ISLAMABAD: The World Bank may extend a $100 million loan to supplement Pakistan’s efforts in reaching out the poorest of the poor through its largest social safety net, the Benazir Income Support Programme (BISP).
The preparatory mission of the Washington-based lending agency has already reached the country, which will meet different stakeholders, according to the officials. The officials said that loan preparations are expected to be completed by end of this year.
If approved by the WB board, it will be the third financing by the global lender. WB has already extended two loans, amounting to $210 million. It gave the second loan of $150 million in March 2012, which was originally planned to be closed in June this year. However, the World Bank has granted six months extension aimed at facilitating the government in initialing the work on the National Socio-Economic Registry (NSER). The registry will become the base for enrolling poorest people in BISP.
“In view of the good progress on BISP, WB is working with the government in preparing a follow-on safety net programme,” said a spokesman of the WB country office.
Economic Affairs Division (EAD) officials said that the $100 million loan proceeds would be used for the NSER survey, conditional cash transfers, improving management information system and ensuring better monitoring of the programme.
WB said its assistance for BISP is line with the lender’s priorities defined under Sustainable Development Goals (SDGs). The fresh loan will help reduce poverty, ensure inclusive and equitable quality education and promote lifelong learning opportunities.
WB said it stays committed to supporting Pakistan in advancing the social protection agenda as part of its on-going economic and subsidy reforms, which insulate the poor from any adverse impacts by providing income support as well as access to human development.
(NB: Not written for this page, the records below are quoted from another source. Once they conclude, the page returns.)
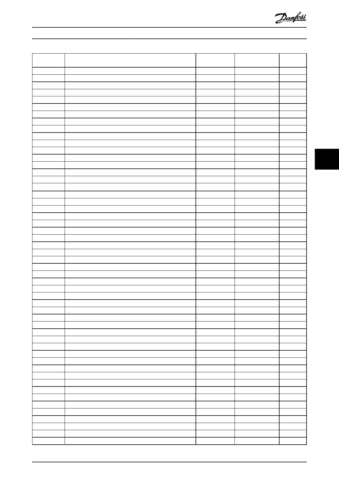 Number Description Warning Alarm/trip Alarm/trip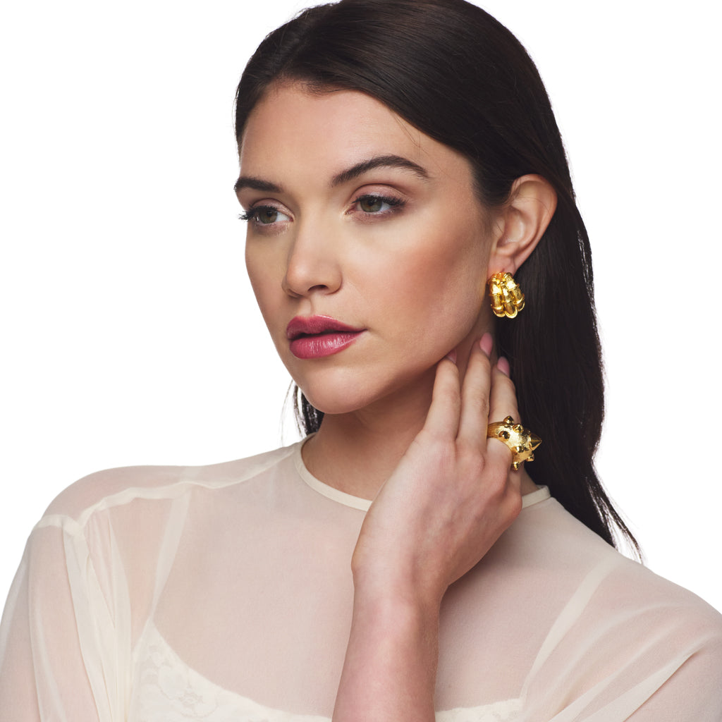 Be the first to review “Kenneth Jay Lane Jewelry Gold Triple Bamboo Hoop Clip Earrings | Satin Gold” Cancel reply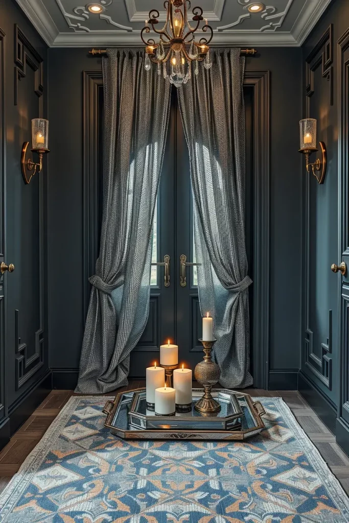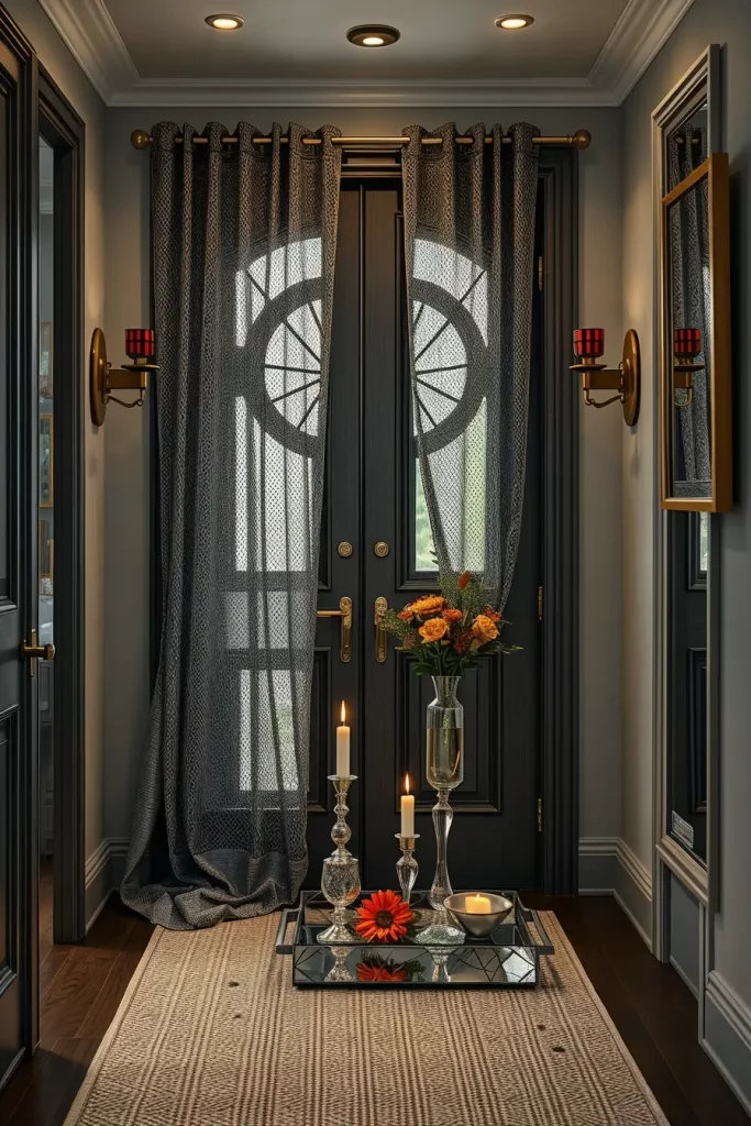 I tend to hang the curtain on a tension rod or hidden track right above the door. The silver chains, polished studs and geometric cut-outs provide the fashion-forward look. On both sides, there are narrow sconces or backlit panels that can be used to enhance the reflective material. I combine the theme with a mirrored tray with crystal candleholders or metallic pumpkins inside.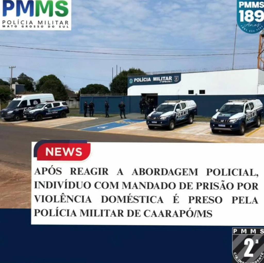 Na manhã desta quinta-feira (23), um indivíduo com mandado de prisão em aberto e histórico de violência foi preso após intensa perseguição e confronto com a Polícia Militar de Caarapó/MS.

WB had initially supported BISP through a $60 million loan.
BISP has established a NSER through the use of an objective targeting system, hosting a database of more than 27 million households. However, the data requires up-gradation due to concerns of inclusion of ineligible people and also many more people have fallen below the poverty line.
According to a recent revision in the poverty measurement methodology and release of poverty numbers, around 29% of Pakistan’s population or 59 million live below the poverty line and a significant proportion is vulnerable to poverty due to any adverse natural or idiosyncratic shock.
BISP will launch the new survey in June this year, which will be completed by end of 2017. BISP has also rolled out the Co-responsibility Cash Transfers (CCT) programme, linking cash transfers to primary school education, which is currently being implemented in 32 districts.